***** Records provided

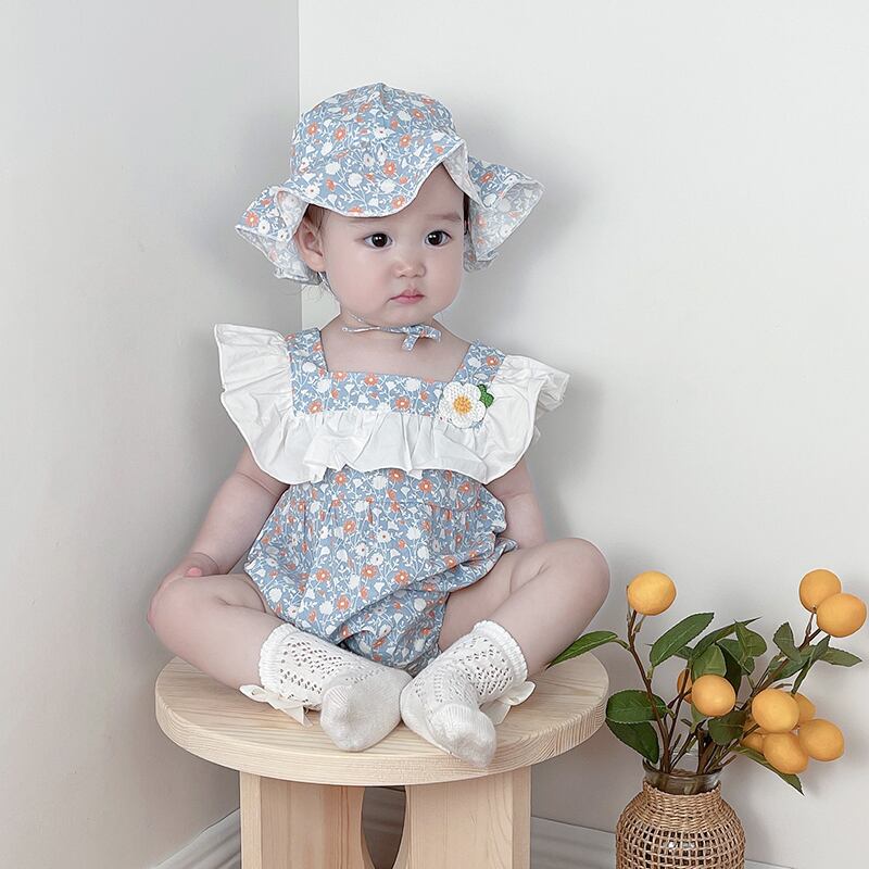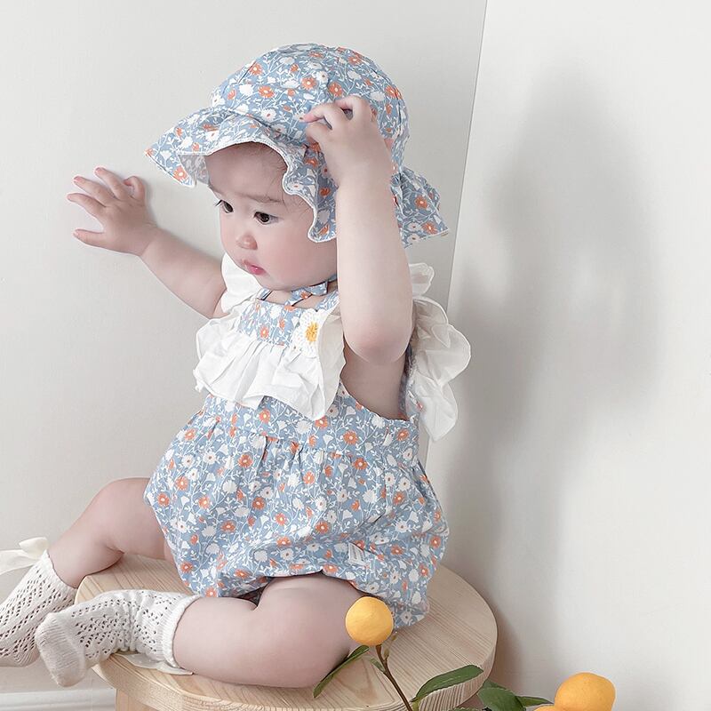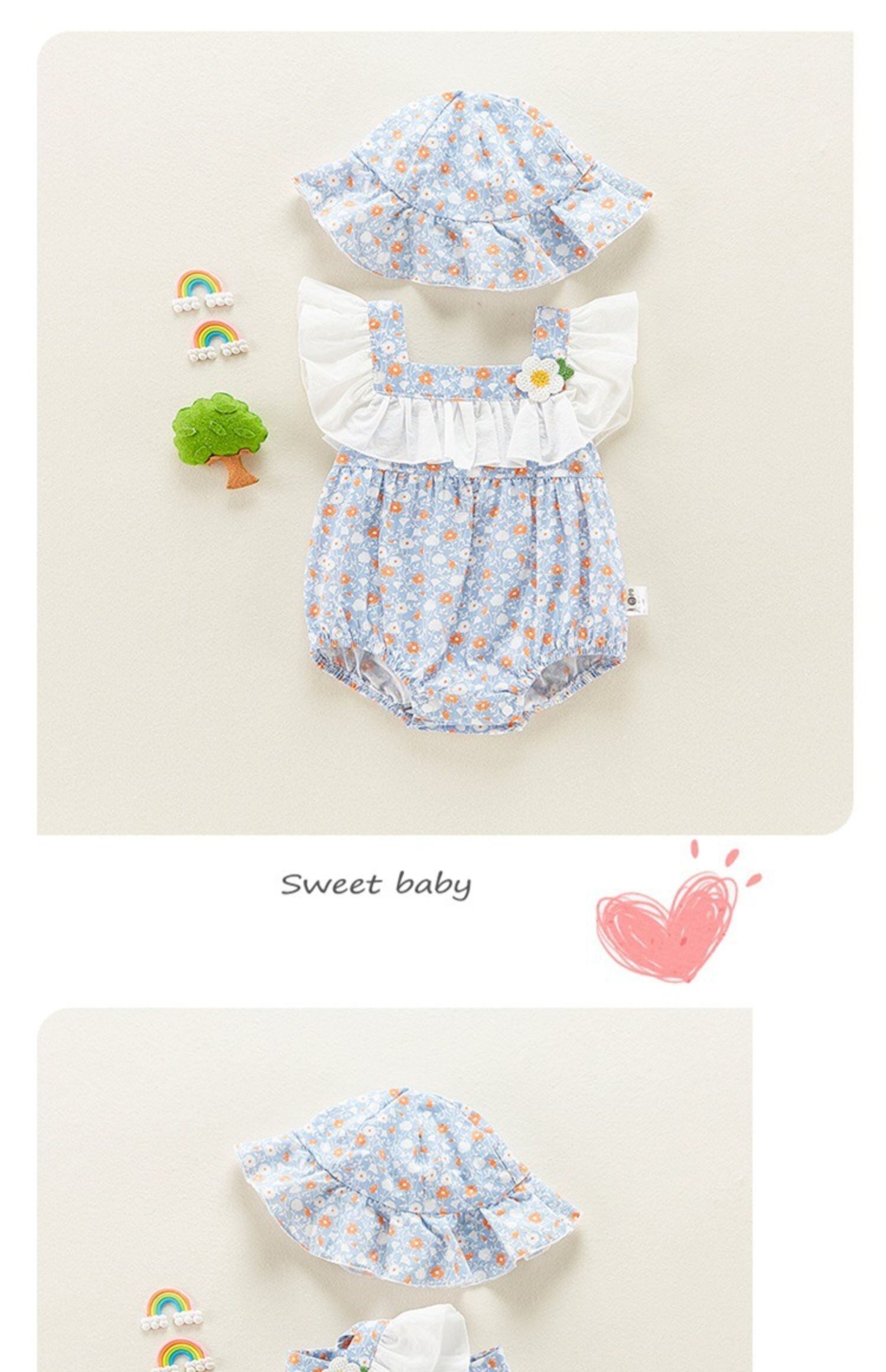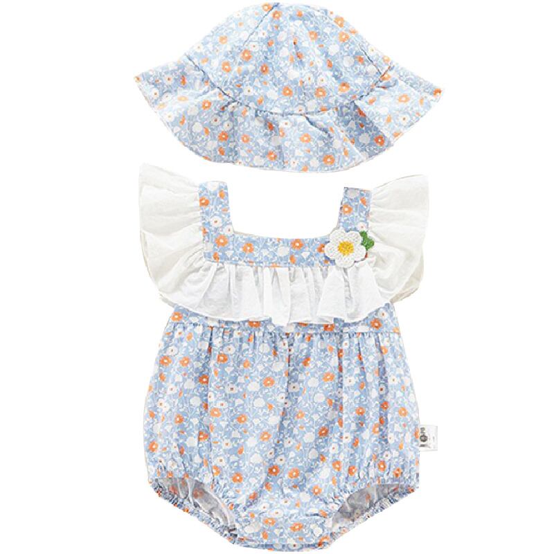 スタイルサマーフローラルロンパース オールインワン 薄手トライアングル 帽子 夏物 花柄 5/26 mi0957158884169 | Sagittarius By Constellation -KIDS&BABY-
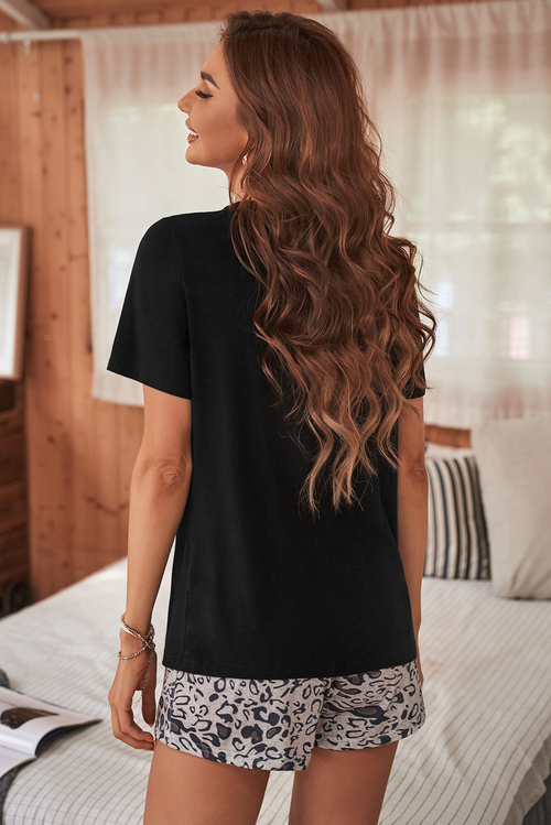 •Black stretchy knit self top and leopard print semi-stretchy knit self shorts
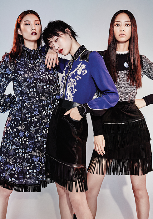 (가운데) 오리엔탈 무드를 자아내는 패턴이 멋스러운 셔츠, 프린지 디테일 스웨이드 스커트 모두 가격 미정 페이.
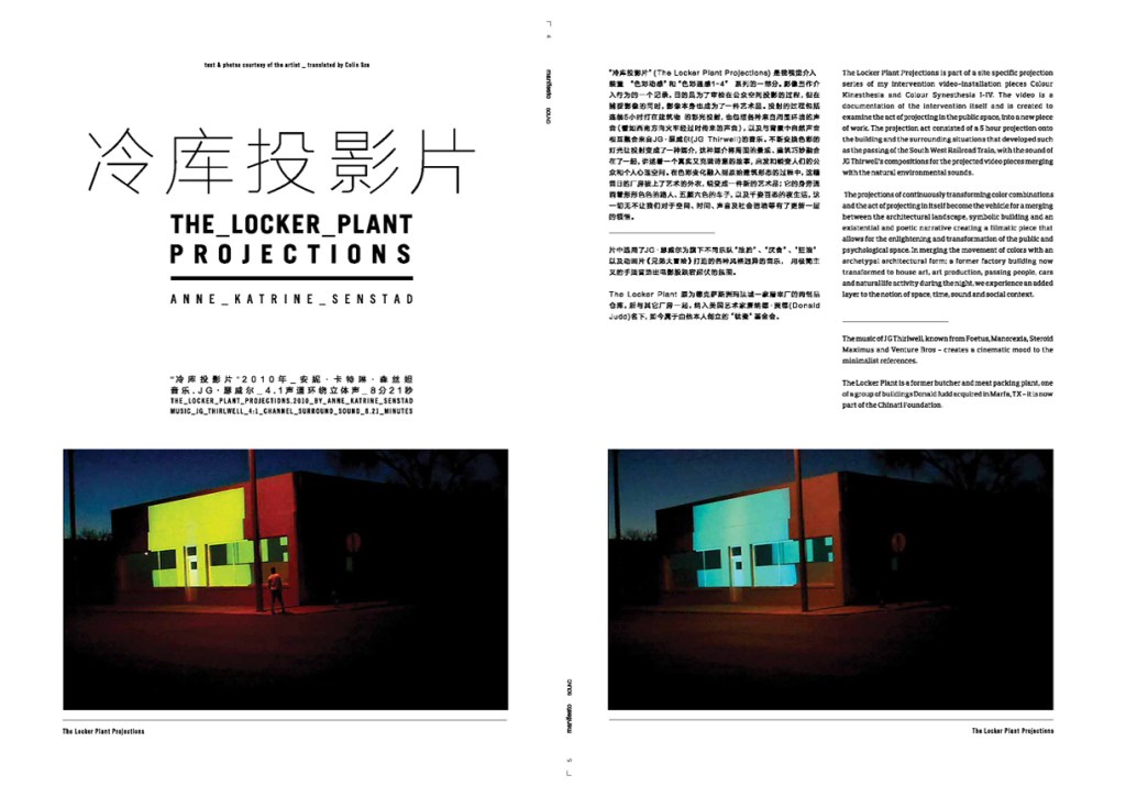 Manifesto Architecture Magazine, Shanghai, 2012. The Light and Space issue presents Senstad’s site specific video projection work The Locker Plant Projections created at the Donald Judd Foundation in Marfa, Texas, 2010, and the resulting short film with the same title, was screened with Rencontres Internationales at Centre Pompidou, Paris, Haus der Kultur der Welt , Berlin, Beirut Art Center, and in Madrid, 2010-11. More on The Locker Plant Projections (2010) with sound composed by JG Thirlwell.
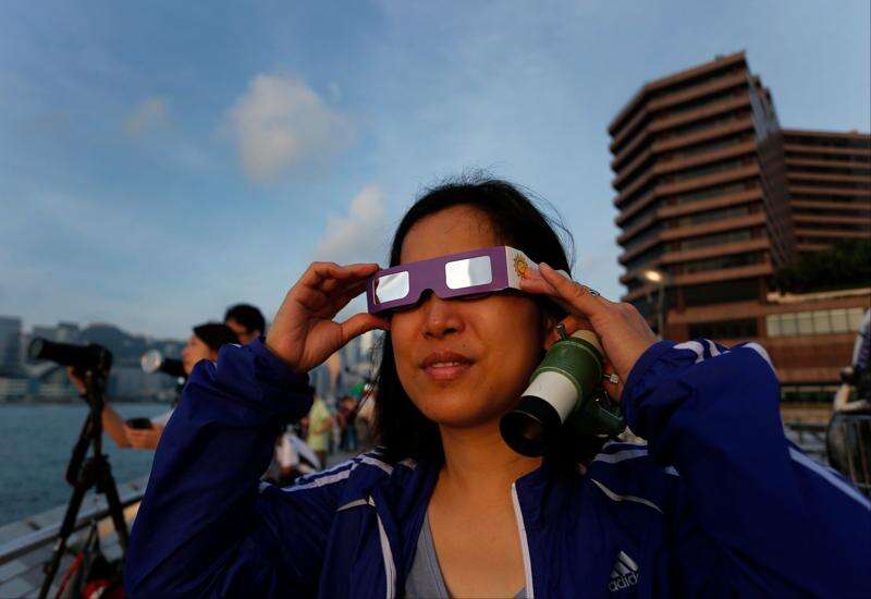 A Hong Kong stargazer uses a special sunglasses to observe the transit of Venus along the Victoria Habour in Hong Kong Wednesday, June 6, 2012. Stargazers around the world are setting up special telescopes and passing out cardboard eclipse glasses to view the once-in-a-lifetime celestial cameo of Venus passing in front of the sun.
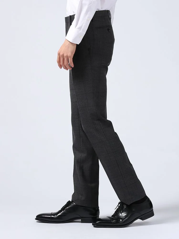 クラシカルなグレンチェック柄がスタイリングに品よくきちんと感をプラスするノータックパンツです。
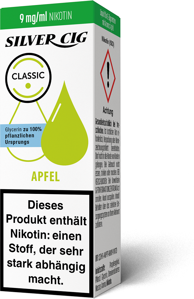 E-Liquid Silver-Cig APFEL 9mg/ml Nikotin 10ml im 5er Dsp.(DPT2 Konform EU Herstellung PG-VG Anteil 70/30%)(mit Steuerbanderole)
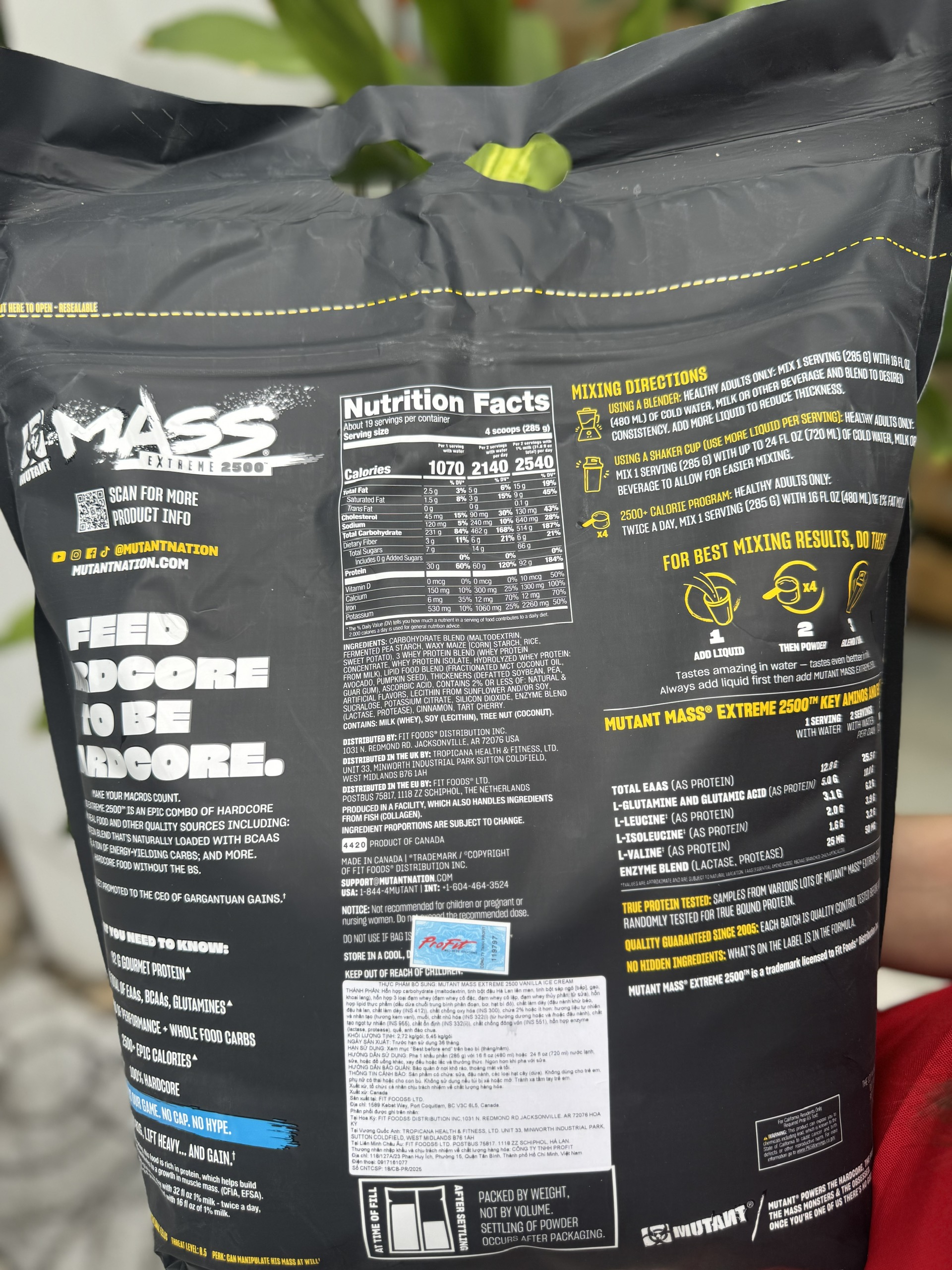 ✨Sữa Tăng Cân Mutant Mass Extreme 2500 12Lbs – Túi 5.45Kg – Bao Bì Mới
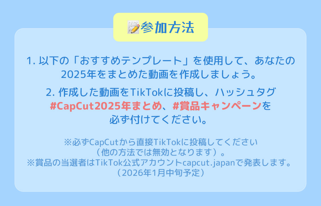 「おすすめテンプレート」を使用し、ハッシュタグ「#CapCut2025年まとめ」「#賞品キャンペーン」を付けて、CapCutからTikTokに投稿

**********

(Prompt):
What you return should be only the exact lines from the top of the entries through the line with "(가운데) 오리엔탈 무드를", minus the pictures.

(Exercise response):
 スタイルサマーフローラルロンパース オールインワン 薄手トライアングル 帽子 夏物 花柄 5/26 mi0957158884169 | Sagittarius By Constellation -KIDS&BABY-
 •Black stretchy knit self top and leopard print semi-stretchy knit self shorts
 (가운데) 오리엔탈 무드를 자아내는 패턴이 멋스러운 셔츠, 프린지 디테일 스웨이드 스커트 모두 가격 미정 페이.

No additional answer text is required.